The Shakespeare Conference: SHK 19.0418 Sunday, 20 July 2008
From: Hardy M. Cook <
Date: Sunday, July 20, 2008
Subject: Who is Hamlet (Statement Not Question)
FROM: The Independent Online
Who is Hamlet: Playing the Time Lord is perfect preparation for David Tennant's
By Matthew Sweet
Sunday, 20 July 2008
Paris, 1979. Doctor Who, in his goggle-eyed, scarf-wrapped fourth incarnation,
is passing the time of day with the Countess Scarlioni. The countess is a
glamorous art thief married to a charming man who, beneath his thin latex
carapace, is actually a shivering mass of swamp-green alien linguine. The
countess doesn't know this, but she is aware of what lurks in her husband's
secret bookcase - the first draft of Hamlet.
The Doctor knows the manuscript is genuine because he recognises the handwriting
- not Shakespeare's, but his own. "He sprained his wrist writing sonnets," he
explains, launching into the play's most famous speech. But when he reaches the
bit about taking arms against a sea of troubles, the Doctor looses a great
splutter of disgust. "I told him that was a mixed metaphor," he exclaims. "And
he would insist!"
Tom Baker will never play the Dane. On Thursday, however, one of his successors
will be on the stage of the Courtyard Theatre in Stratford-upon-Avon, urging his
too too solid flesh to melt. Two weekends ago, 10m people watched David Tennant
bust a billion Daleks and tow the stolen planet Earth back to its rightful place
in the universe. Now the actor is studying for no less hazardous a mission: to
scrape the mould from the rotten state of Denmark. Some don't approve. When
Tennant's casting was announced, Jonathan Miller issued a public snort about the
"celebrity casting" of "that man from Doctor Who".
Unlike any actor who has preceded him in the role of the Doctor or the Prince of
Denmark, David Tennant is both an accomplished Shakespearean (he has often
turned out for the RSC) and a complete and utter Doctor Who fanboy fruitcake.
Some of his forebears had a passing interest in Gallifreyan matters before they
entered the Tardis. Some had dabbled with the Dane: Patrick Troughton was Player
King to Olivier's Hamlet, Colin Baker was Laertes to Martin Jarvis's Hamlet,
Christopher Eccleston was a creditable Hamlet for the West Yorkshire Playhouse
in 2002. None, however, had what Tennant has - a long-term commitment to
Shakespeare coupled with a spooky command of the arcana of Doctor Who. Should
you ever meet him, do put this to the test and ask Tennant whether he recognises
a genealogical relationship between the Cybermen, the Voord and the Fishmen of
Kandalinga. You'll get a view. You'd only get a polite smile from Peter Davison.
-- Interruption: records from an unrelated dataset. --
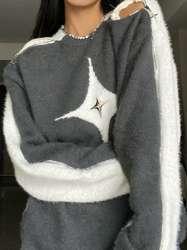 Reißverschluss-Design an der Schulter: Das Reißverschluss-Design an der Schulter dient nicht nur der Ästhetik, sondern verleiht dem Pullover auch eine hippe Pop-Atmosphäre. Dieses interessante Merkmal macht das Hemd modischer und ausgefallener.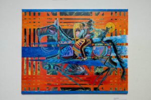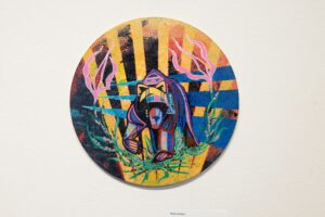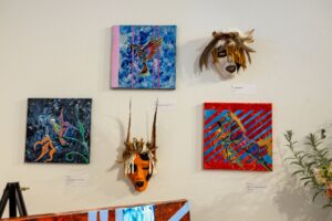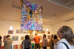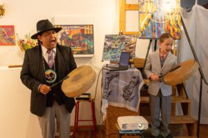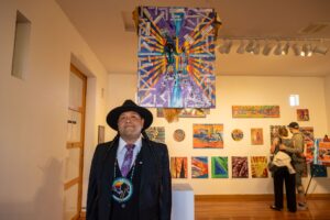 On June 21st and 22nd, 2024, he held an open studio at Surel’s Place, inviting the public to see the work-in-progress he was developing for his exhibition. On June 23rd, he hosted a sold-out painting workshop introducing participants to his style of textural painting. His exhibition Yooti (Yo-di) – To Rise in Culture Abstracted, was open July 8th – 10th. Kit gave an artist talk and performed a closing song with his son Caylon Hedgepeth.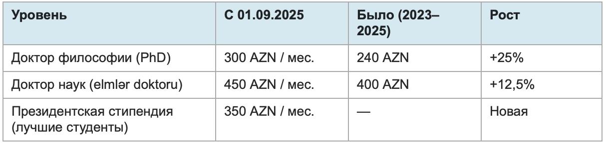 Президент Ильхам Алиев подписал распоряжение 23 июля 2025 года. С 1 сентября 2025 года стипендии для докторантов повышены — это уже второе повышение за три года (предыдущее было в январе 2023 года).
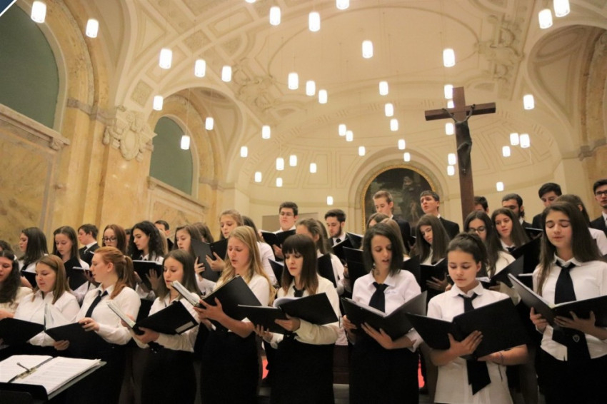 Elsőként a budapesti Piarista Gimnázium kisénekkara énekelt, majd az iskola Vörösmarty nevét viselő diákkórusa két férfikarra írt Schumann-kánont adott elő, Melegh Béla karnagy vezényletével. A programot a mosonmagyaróvári piarista iskola énekkara folytatta, Keresztényné Barth Judit vezetésével. A váci piarista gimnázium nagygimnazistái többek között spirituálékat szólaltattak meg, Horváth Tamás karnagy vezetésével.
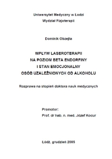 | Obzejta, Dominik, 2005, Wpływ laseroterapii na poziom beta endorfiny i stan emocjonalny osób uzależnionych od alkoholu | Sep 21, 2021 |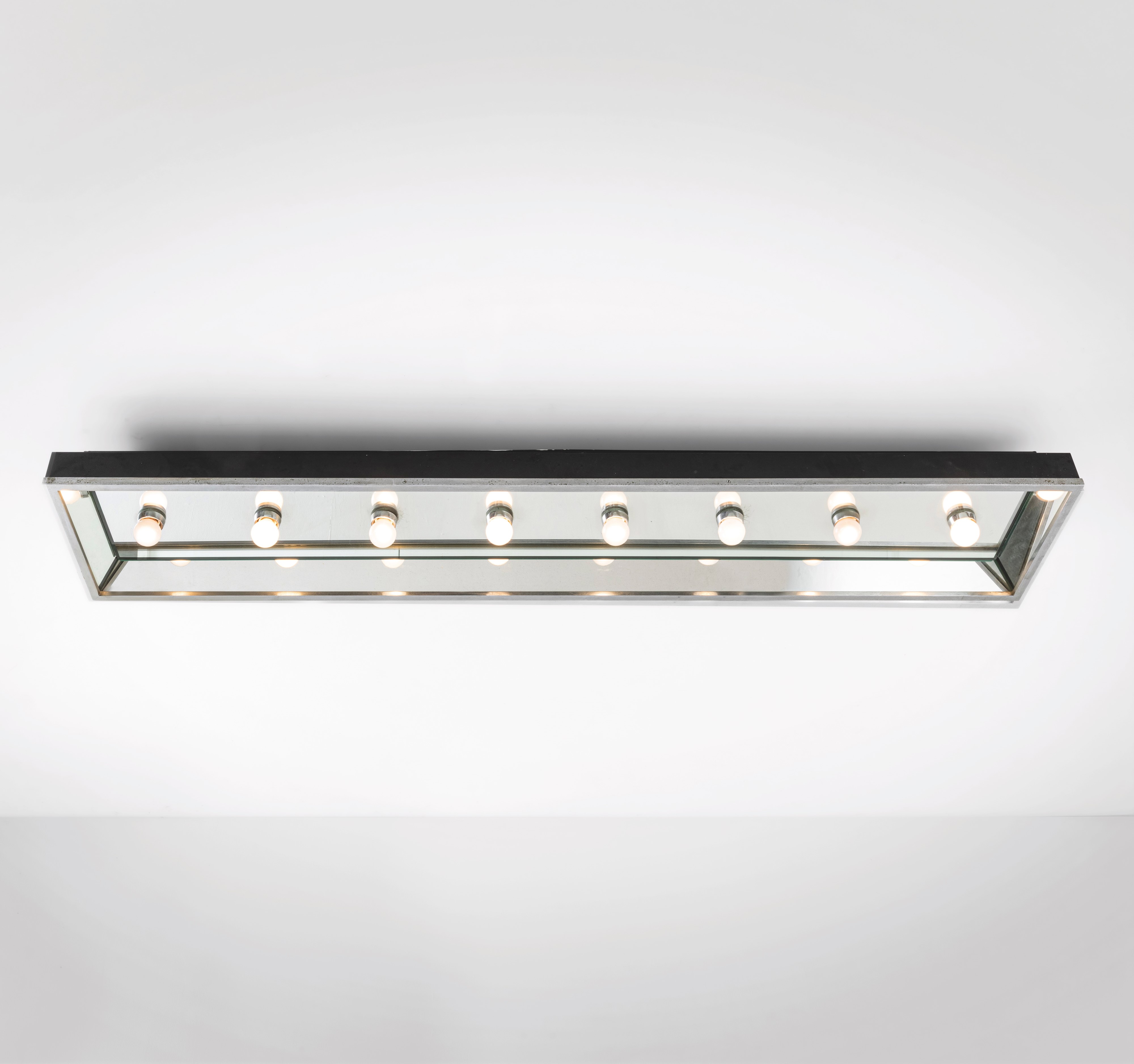Struttura in metallo, metallo laccato e cristallo specchiato molato.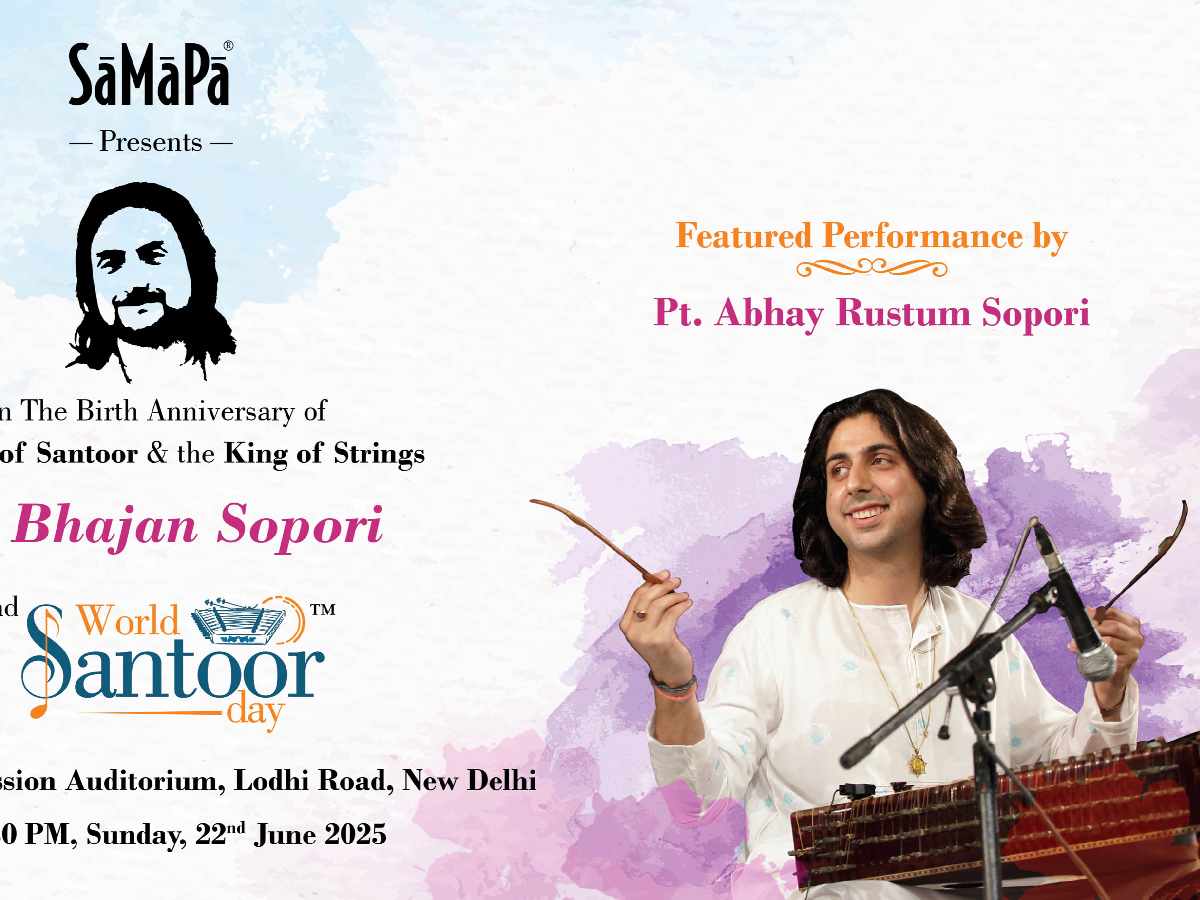 The Sopori Academy of Music and Performing Arts (SaMaPa) will host the second edition of World Santoor Day on Sunday, June 22, at the Chinmaya Mission Auditorium on Lodhi Road, Delhi. The event will begin at 5:30 PM and continue till 10:00 PM. Entry is free and open to all on a first-come, first-served basis.

So what might Tennant take from his experience of playing the Doctor that might
help him in Elsinore?
[ . . . ]
The Stratford production's swift sell-out suggests that the audience is
anticipating a rare kind of cultural twofer: Shakespeare's most celebrated hero,
performed by the actor who now gives life to television's most celebrated hero.
And in the case of both parts, it's hard to be unaware that you are watching
only the latest of a long line of interpreters. New Doctors must overwhelm or
accommodate the shades of William Hartnell and Tom Baker just as new Hamlets
must compete with the ghosts of Olivier, Gielgud and David Warner. Tennant has
already performed one successful act of exorcism. He seems destined to complete
a second. Unless, of course, he is suddenly floored by that mixed metaphor
waiting for him in his most famous speech.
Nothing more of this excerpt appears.